6. What is the version of Virus Defintion the client is currently using .

HKEY_LOCAL_MACHINE\SOFTWARE\Symantec\SharedDefs

DEFWATCH_10

The value will be some like C:\PROGRA~1\COMMON~1\SYMANT~1\VIRUSD~1\20090907.050


7. To know what IPS Signature SEP is using

HKEY_LOCAL_MACHINE\SOFTWARE\Symantec\SharedDefs\SymcData-cndcipsdefs

cndcIps

The value will be like: C:\PROGRA~1\COMMON~1\SYMANT~1\SymcData\CNDCIP~1\20090826.002


8. To check if Network Threat Protection is installed and is Turned ON.

HKEY_LOCAL_MACHINE\SOFTWARE\Symantec\Symantec Endpoint Protection\SMC

smc_engine_status  0 – means turned OFF 1- turned ON.

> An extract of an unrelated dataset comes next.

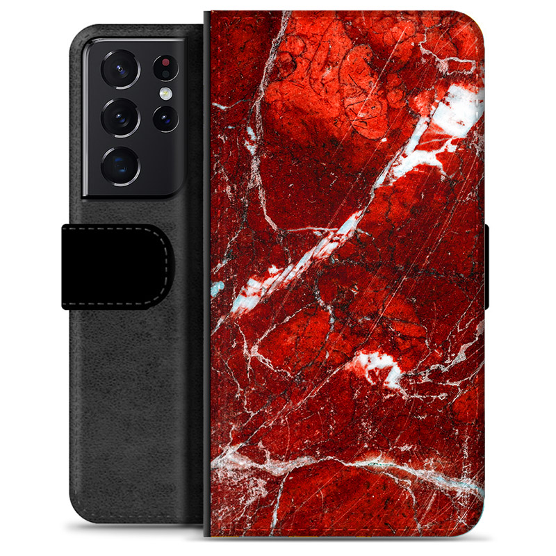Prémiové peněženkové pouzdro Samsung Galaxie S21 Ultra 5G - Červený mramor
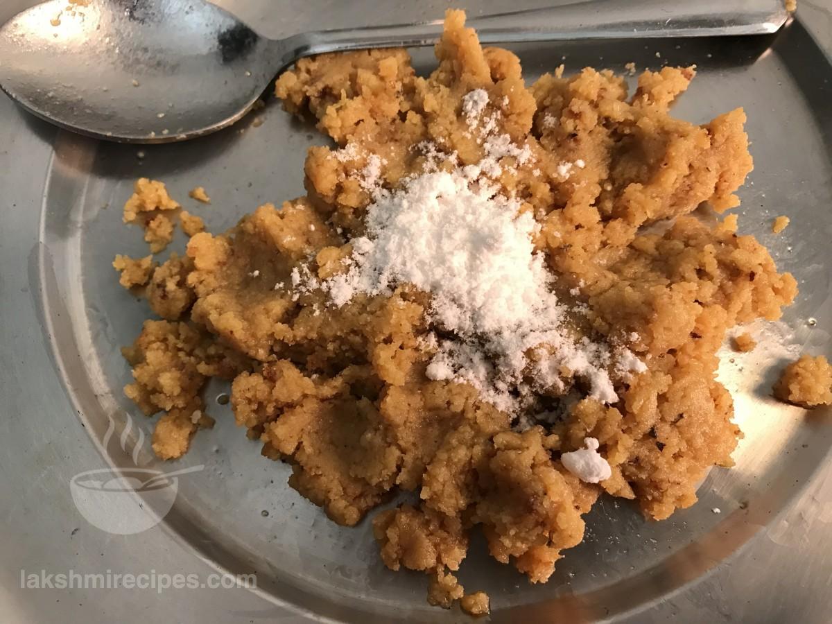 - When the cooked khoya is slightly cooled then add powdered sugar and crushed cardamom to it. Mix the ingredients well together.

9. Exclusion –Centralized Exceptions

32 bit

i. Security Risk Exceptions

User Defined Exceptions

HKEY_LOCAL_MACHINE\SOFTWARE\Symantec\Symantec Endpoint Protection\AV\Exclusions\ClientRiskExceptions

Lock – 0- means the client can create Centralized Exceptions for Known Security Risks 1 – means this optioned is locked by the administrator in SEPM.

And Under the ClientRiskExceptions\1234567890 (normally a 10 digit numerical folder )  you will find the Known Security Risk exceptions created by the users.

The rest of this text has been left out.